Only one stretch of the records below should be repeated. It starts with the line containing "Sugar - Add" and goes on through the line containing "동아시아권의 문화와 약간", exactly as written.

INPUT FOR THIS TASK:
== Segment start ==
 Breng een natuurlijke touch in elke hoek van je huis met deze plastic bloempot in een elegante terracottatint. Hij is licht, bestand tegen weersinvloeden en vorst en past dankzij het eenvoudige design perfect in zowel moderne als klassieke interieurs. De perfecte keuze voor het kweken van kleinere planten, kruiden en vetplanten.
== Segment end ==
== Segment start ==
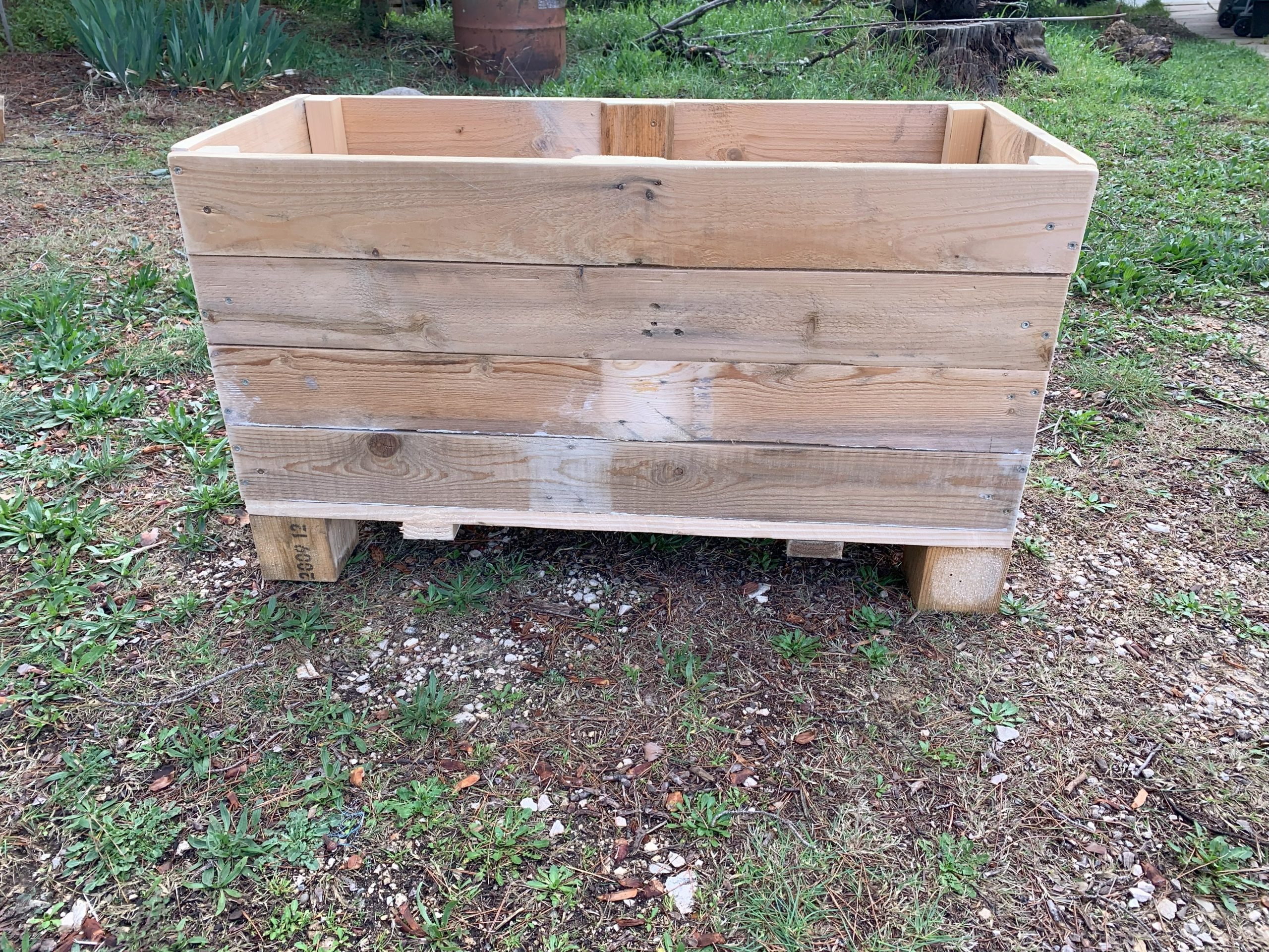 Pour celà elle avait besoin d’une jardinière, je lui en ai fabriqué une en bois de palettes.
== Segment end ==
== Segment start ==
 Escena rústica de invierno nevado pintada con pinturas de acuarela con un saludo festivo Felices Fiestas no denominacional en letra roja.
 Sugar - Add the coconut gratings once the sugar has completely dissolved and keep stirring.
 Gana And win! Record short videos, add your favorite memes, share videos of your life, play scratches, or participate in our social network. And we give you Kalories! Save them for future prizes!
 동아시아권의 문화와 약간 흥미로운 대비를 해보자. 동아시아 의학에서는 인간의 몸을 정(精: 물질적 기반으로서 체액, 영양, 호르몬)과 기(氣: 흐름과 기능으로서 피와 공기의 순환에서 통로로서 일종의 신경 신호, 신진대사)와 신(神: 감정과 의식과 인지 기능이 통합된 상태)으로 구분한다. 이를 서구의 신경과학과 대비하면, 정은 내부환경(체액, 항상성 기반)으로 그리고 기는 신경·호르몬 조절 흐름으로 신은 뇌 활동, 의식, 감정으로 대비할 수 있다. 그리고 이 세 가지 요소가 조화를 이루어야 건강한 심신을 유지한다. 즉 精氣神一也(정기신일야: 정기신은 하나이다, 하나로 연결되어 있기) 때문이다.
== Segment end ==
ANSWER BOX:
 Sugar - Add the coconut gratings once the sugar has completely dissolved and keep stirring.
 Gana And win! Record short videos, add your favorite memes, share videos of your life, play scratches, or participate in our social network. And we give you Kalories! Save them for future prizes!
 동아시아권의 문화와 약간 흥미로운 대비를 해보자. 동아시아 의학에서는 인간의 몸을 정(精: 물질적 기반으로서 체액, 영양, 호르몬)과 기(氣: 흐름과 기능으로서 피와 공기의 순환에서 통로로서 일종의 신경 신호, 신진대사)와 신(神: 감정과 의식과 인지 기능이 통합된 상태)으로 구분한다. 이를 서구의 신경과학과 대비하면, 정은 내부환경(체액, 항상성 기반)으로 그리고 기는 신경·호르몬 조절 흐름으로 신은 뇌 활동, 의식, 감정으로 대비할 수 있다. 그리고 이 세 가지 요소가 조화를 이루어야 건강한 심신을 유지한다. 즉 精氣神一也(정기신일야: 정기신은 하나이다, 하나로 연결되어 있기) 때문이다.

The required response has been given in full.